MCLAPPLY_RATIOS = function(QUERY1, QUERY2, class_fuzz = 'FuzzMatcher', method_fuzz = 'QRATIO', threads = 1, ...) {

  init <- eval(parse(text = paste0(class_fuzz, '$new()')))

  METHOD = paste0('init$', method_fuzz)

  if (threads == 1) {

    res_qrat = lapply(1:length(QUERY1), function(x) do.call(eval(parse(text = METHOD)), list(QUERY1[[x]], QUERY2[[x]], ...)))}

  else {

    res_qrat = parallel::mclapply(1:length(QUERY1), function(x) do.call(eval(parse(text = METHOD)), list(QUERY1[[x]], QUERY2[[x]], ...)), 
    
                                  mc.cores = threads)
  }

  return(res_qrat)
}



query1 = c('word1', 'word2', 'word3')

query2 = c('similarword1', 'similar_word2', 'similarwor')

quer_res = MCLAPPLY_RATIOS(query1, query2, class_fuzz = 'FuzzMatcher', method_fuzz = 'QRATIO', threads = 1)

unlist(quer_res)


# example output

[1] 59 56 40



reticulate package


My personal opinion is that the newly released reticulate package is good news (for all R-users with minimal knowledge of python) and bad news (for package maintainers whose packages do not cover the full spectrum of a subject in comparison to an existing python library) at the same time. I’ll explain this in the following two examples.

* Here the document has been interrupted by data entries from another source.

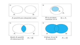 The document explains the concepts of sets, functions, and relations in mathematics, detailing four main set operations: union, intersection, complement, and difference. It defines a function as a relation where each input has a single output and discusses various types of relations such as empty, universal, identity, reflexive, symmetric, transitive, and equivalence relations. Additionally, it outlines operations on functions, including addition, subtraction, multiplication, division, and composition.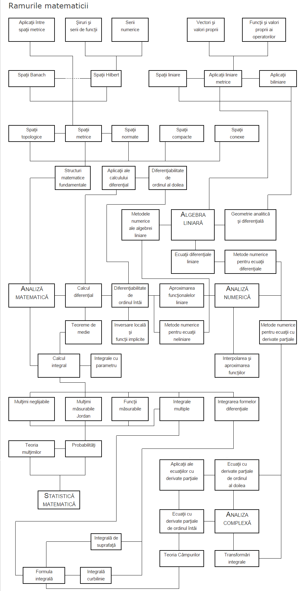 Logică matematică, Aritmetică, Algebră, Analiză matematică, Geometrie, Matematică discretă, Teoria numerelor, Topologie, Probabilități și statistică, Obiecte matematice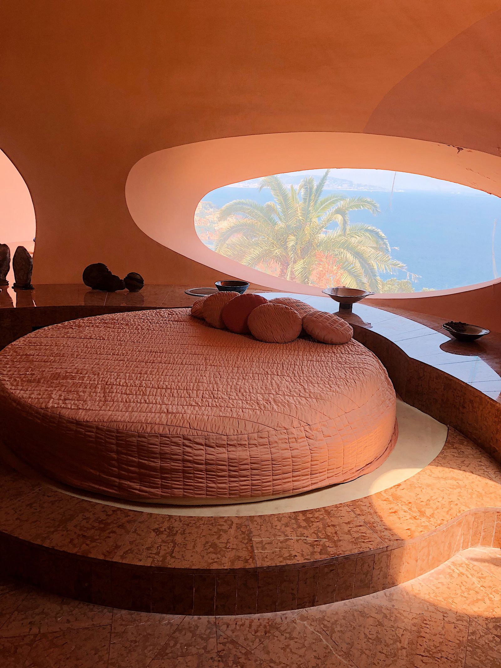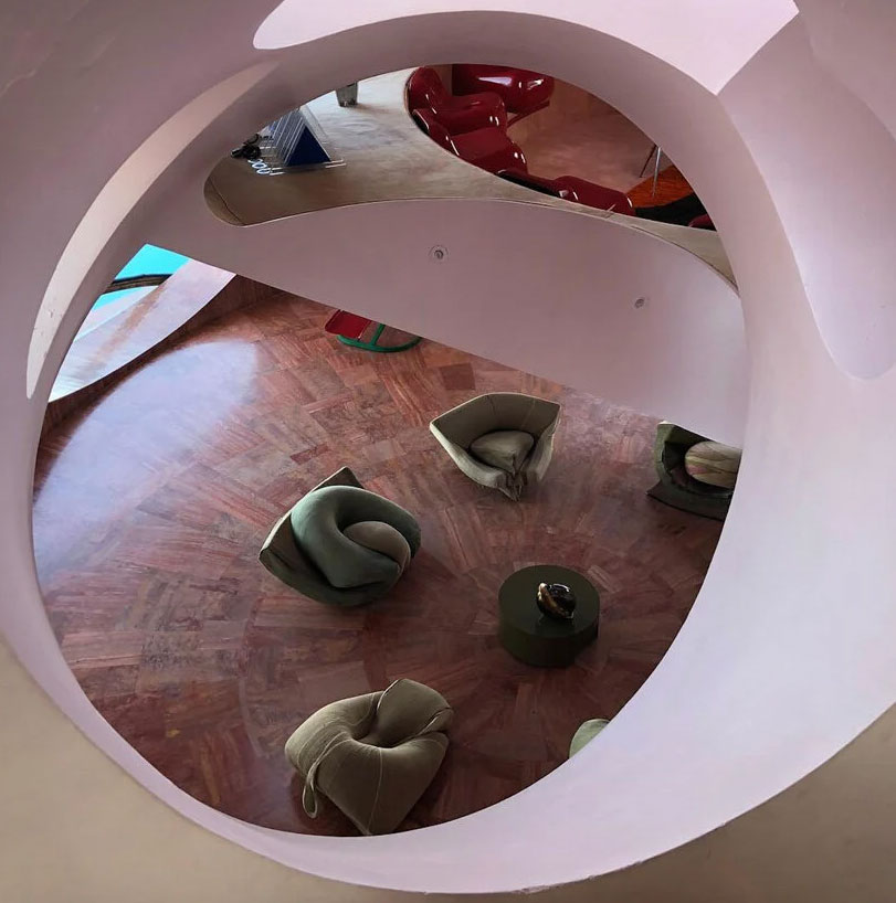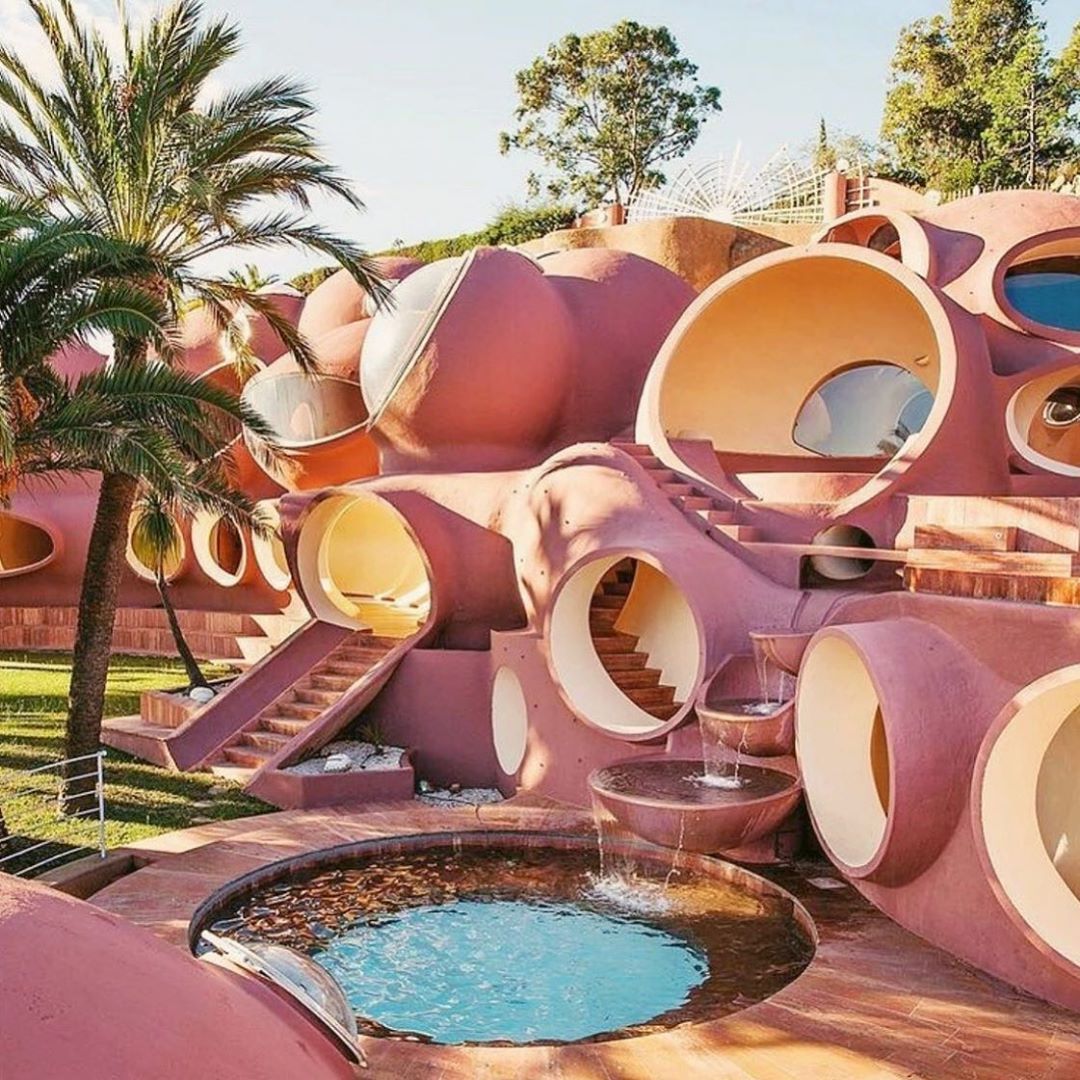 Дом был спроектирован так, что напоминает сборку модулей пузырей, между которыми расположены террасы и бассейны. В каждом модуле есть большие круглые отверстия, через которые внутрь проникает солнечный свет.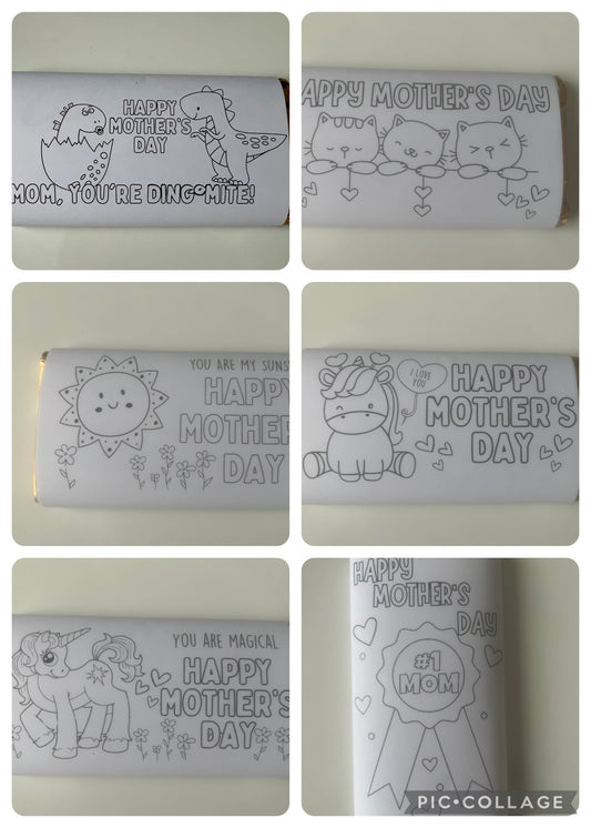 Mothers day colour your own set of 6 chocolate bar wrapper

As an R user I’d always like to have a truncated svd function similar to the one of the sklearn python library. So, now in R using the reticulate package and the mnist data set one can do,



reticulate::py_module_available('sklearn')       # check that 'sklearn' is available in your OS

[1] TRUE


dim(mnist)                # after downloading and opening the data from the previous link

70000   785


mnist = as.matrix(mnist)                                  # convert to matrix

trunc_SVD = reticulate::import('sklearn.decomposition')

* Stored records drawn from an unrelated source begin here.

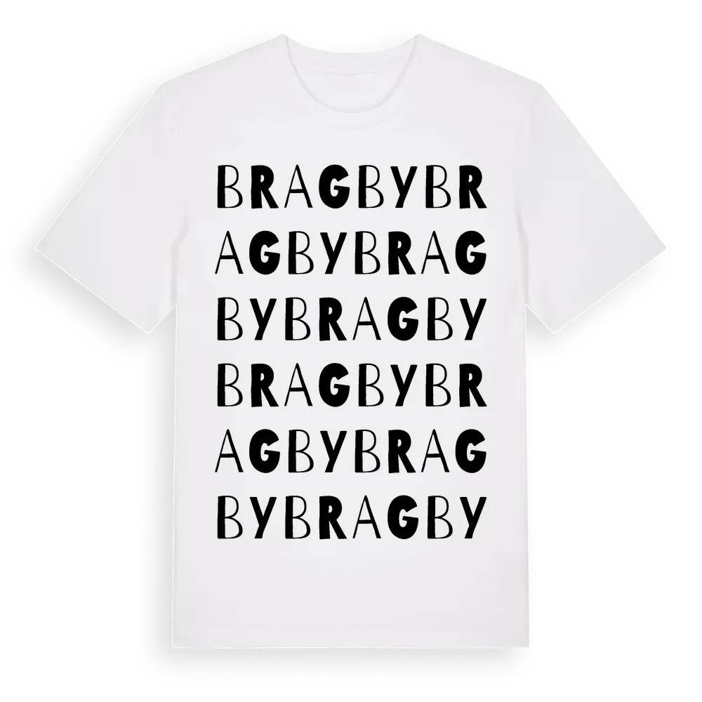 En ordlek byggd på Bragbys namn. Subtilt och klurig – ett motiv som bara de som verkligen känner platsen fullt ut förstår. Premium bomull, unisex – från byn Bragby i Uppsala län.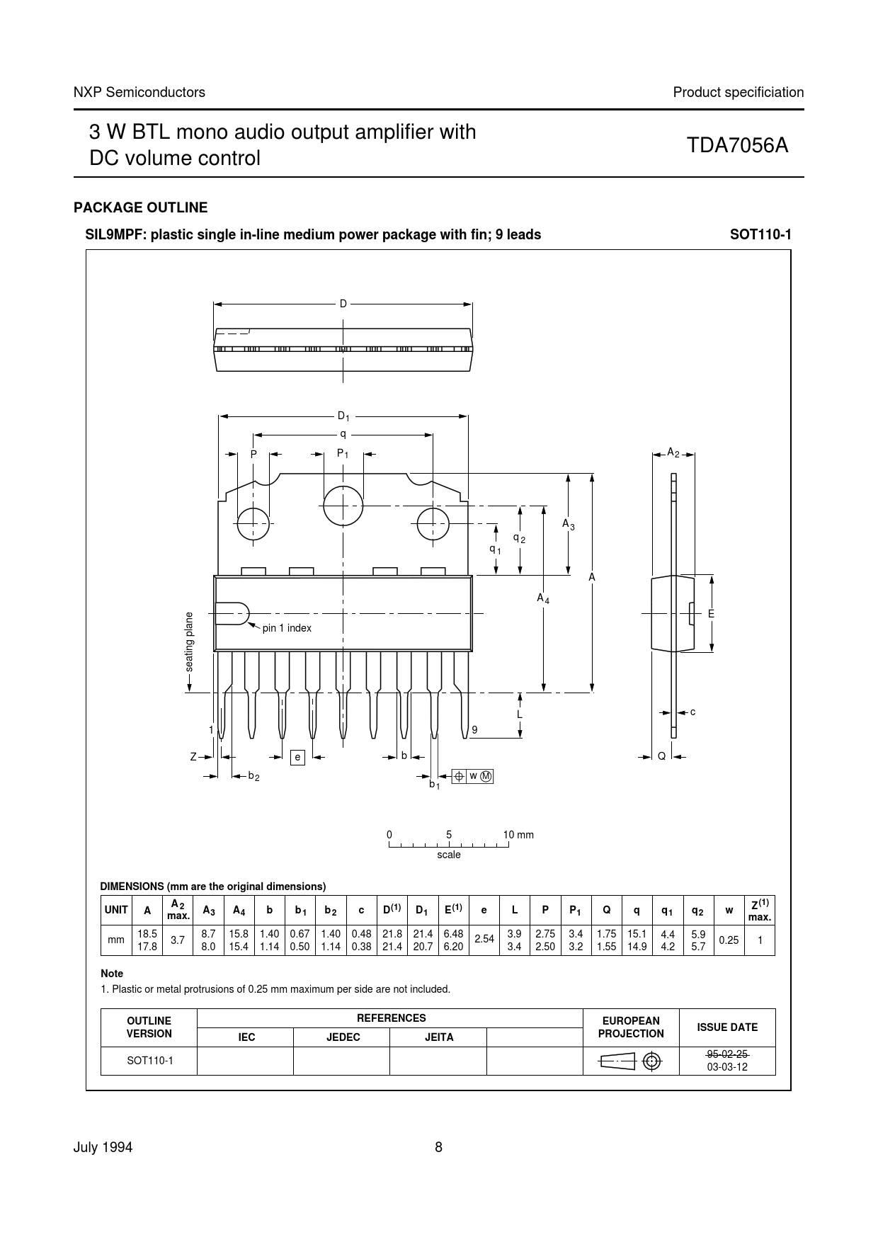 Páginas / Página11 / 8 — PACKAGE OUTLINE. SIL9MPF: plastic single in-line medium power package …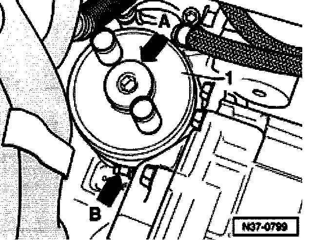 - Tighten hex head bolt -arrow A- to 40 Nm.
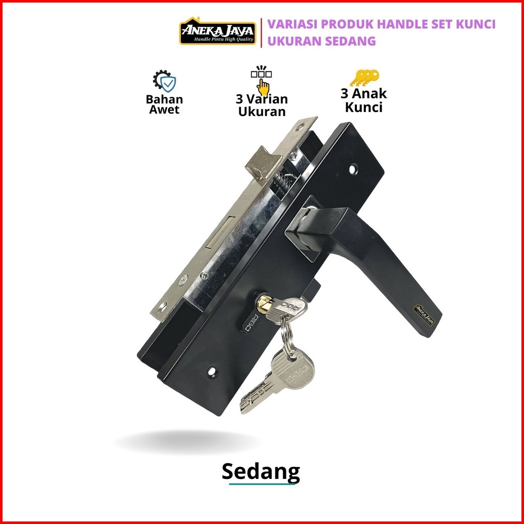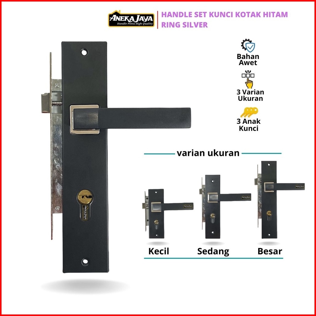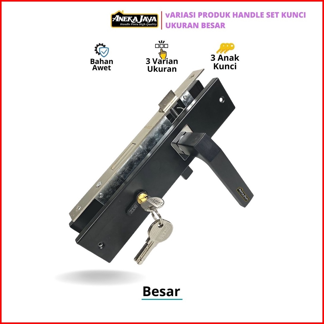 Kunci Pintu Rumah Set Handle Hitam Ukuran Besar Sedang Kecil - Gagang Minimalis Kamar Utama

res_svd = trunc_SVD$TruncatedSVD(n_components = 100L, n_iter = 5L, random_state = 1L)

res_svd$fit(mnist)

# TruncatedSVD(algorithm='randomized', n_components=100, n_iter=5,
#       random_state=1, tol=0.0)
       

out_svd = res_svd$transform(mnist)

str(out_svd)

# num [1:70000, 1:100] 1752 1908 2289 2237 2236 ...


class(out_svd)

# [1] "matrix"


to receive the desired output ( a matrix with 70000 rows and 100 columns (components) ).

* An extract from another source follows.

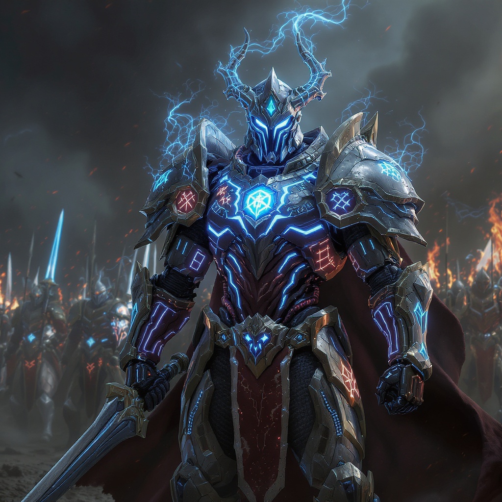 A striking masterpiece photoshoot capturing a full-body view of a futuristic necromancer soldier, clad in majestic royal armor laced with cutting-edge cybernetic enhancements, standing triumphantly at the forefront of the imperial army. The armor exudes a blend of holographic luminescence and gritty diesel aesthetics, with intricate details inspired by the art of Adam Fisher, suggesting a harmonious fusion of ancient mysticism and advanced technology. The necromancer's pose embodies victory and authority, commanding respect and awe, as shimmering holographic runes pulse across their armor, narrating tales of ancient powers intertwined with future warfare innovations. The scene is set against a backdrop that hints at a high-tech battlefield, where the soldier's presence is both commanding and otherworldly, leading their forces with an aura of invincibility and arcane prowess.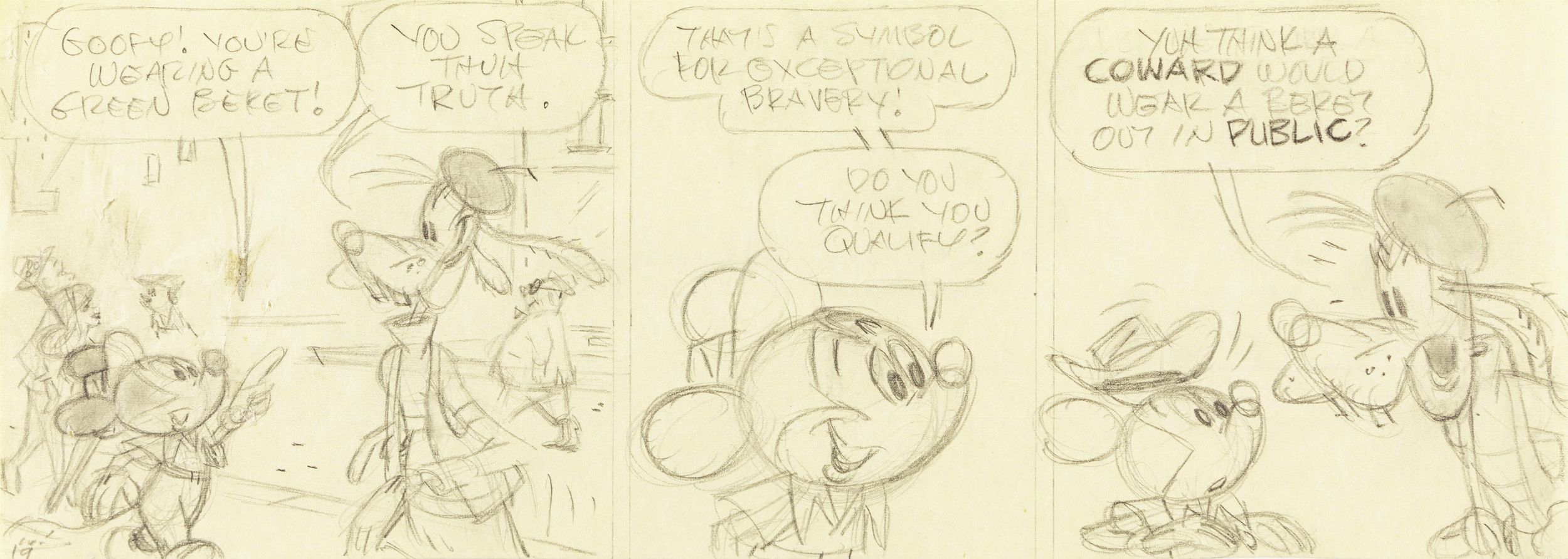 matita su carta, 32 x 11,5 cm anni '70 Striscia giornaliera preliminare realizzata da Gottfredson negli anni '70 per una strip di Mickey Mouse. Opera pubblicata sul volume Gli anni d'oro di Topolino n. 38 (cronologia dell'opera omnia di Floyd Gottfredson) dalla RCS nel 2010. È in questi tratti di matita risiede la vera arte di Floyd Gottfredson. Lievi pieghe e tre piccoli fori al margine sinistro. Si allega il certificato di provenienza e autenticità a firma di Norman Gottfredson, figlio dell'autore.

As a package maintainer, I do receive from time to time e-mails from users of my packages. In one of them a user asked me if the hog function of the OpenImageR package is capable of plotting the hog features. Actually not, but now an R-user can, for instance, use the scikit-image python library to plot the hog-features using the following code chunk,



reticulate::py_module_available("skimage")             # check that 'sklearn' is available in your OS

# [1] TRUE


feat <- reticulate::import("skimage.feature")        # import module

data_sk <- reticulate::import("skimage.data")        # import data

color <- reticulate::import("skimage.color")         # import module to plot    

tmp_im = data_sk$astronaut()                         # import specific image data ('astronaut')

dim(tmp_im)

# [1] 512 512   3


image = color$rgb2gray(tmp_im)                       # convert to gray

dim(image)

# [1] 512 512


res = feat$hog(image, orientations = 8L, pixels_per_cell = c(16L, 16L), cells_per_block = c(1L, 1L), visualise=T)

str(res)

# List of 2
#  $ : num [1:8192(1d)] 1.34e-04 1.53e-04 6.68e-05 9.19e-05 7.93e-05 ...
#  $ : num [1:512, 1:512] 0 0 0 0 0 0 0 0 0 0 ...


OpenImageR::imageShow(res[[2]])       # using the OpenImageR to plot the data


Alt text


As a final word, I think that the reticulate package, although not that popular yet, it will make a difference in the R-community.


The README.md file of the fuzzywuzzyR package includes the SystemRequirements and detailed installation instructions for each OS.